According to AAA, 1.2 million people per year get into car accidents because of the rain. Excessive speed is a big factor; “With as little as 1/12 inch of water on the road”, AAA says, “tires have to displace a gallon of water per second to keep the rubber meeting the road.” That’s a lot of water to move. And if you speed up, the amount your tires need to displace increases.
From a young age, East Coasters are taught that when it’s raining, you should move to the right of the road and slow down. That way, if someone stops ahead of you, you hit a patch of water and start to hydroplane, or the visibility suddenly drops, you have plenty of time to react and stay safe. And if someone spins out ahead of you, you can deftly move into the shoulder to avoid ramming them.
When I say slow down, I mean way down. California recommends driving 5 to 10 miles per hour below the speed limit in wet conditions. That means driving 45 to 55 miles per hour on most Bay Area highways. That feels like a snail’s pace compared to normal driving speeds in the Bay. But driving that speed is a key way to keep yourself safe in the rain.
Turn Your Headlights On
Repeat this after me, people, and perhaps scrawl it across your dashboard in pen for extra safety: “Wipers on, Lights on.”
If you’re using your windshield wipers due to rain, snow, or any other kind of water landing on your car, you should also have your headlights on. You should do this every single time.
Why? Using your lights makes it easier to see in front of you when rain makes it dark and overcast. But turning on your headlights also means that your car will switch on its taillights, making it way easier for people behind you to see your car through the trail of water your tires are kicking up. Take a look at the photo at the top of this article, which was shot on a real Bay Area road. How many drivers have their tail lights illuminated, indicating that their headlights are on? None of them.

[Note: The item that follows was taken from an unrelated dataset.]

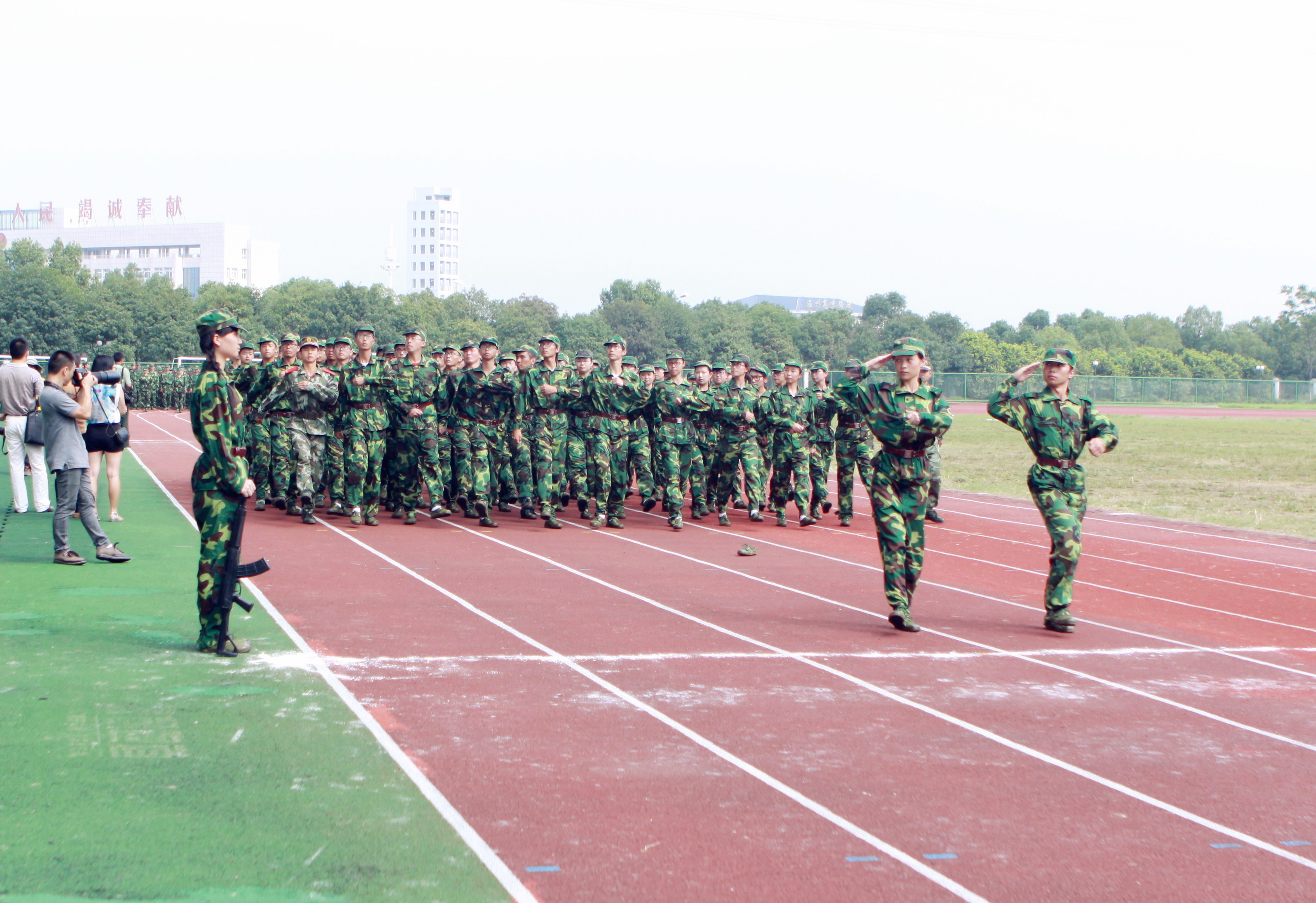 伴随着雄壮的义勇军进行曲,军训成果汇报大会正式开始。经过为期一周军事训练的2014级新生们迎着清晨的朝露,排着整齐划一的队伍,透露着自信的笑容,嘹亮的呐喊声响彻校园上空,折射出青春的光芒。

Turning your headlights on in the rain is good for other drivers, but it’s also good for you. Better visibility means people are less likely to follow right behind you, and you can hopefully avoid getting rear-ended if you need to stop suddenly.
Don’t Drive Through Standing Water
I was recently sitting in a Bay Area parking lot following last month’s gigantic storm, and a huge portion of the parking lot was flooded. A driver pulled into the lot and proceeded to drive straight through the flooded area. They could easily have gone around it, mind you, but that would have added an additional 30 seconds to their parking lot traversal time.
Instead, they plowed into it, only to realize partway through that the water was way deeper than they expected. Their car foundered but made it through. If the water had been a bit deeper or had been moving, they may not have been so lucky.
Bay Area drivers don’t seem to get that driving through any amount of standing water is incredibly dangerous. Maybe we see too many commercials in which rugged off-road vehicles with California wilderness-themed names confidently ford streams and plow through muddy fields. That works fine in a car commercial, but in real life, it’s a dumbass thing you should avoid at all costs.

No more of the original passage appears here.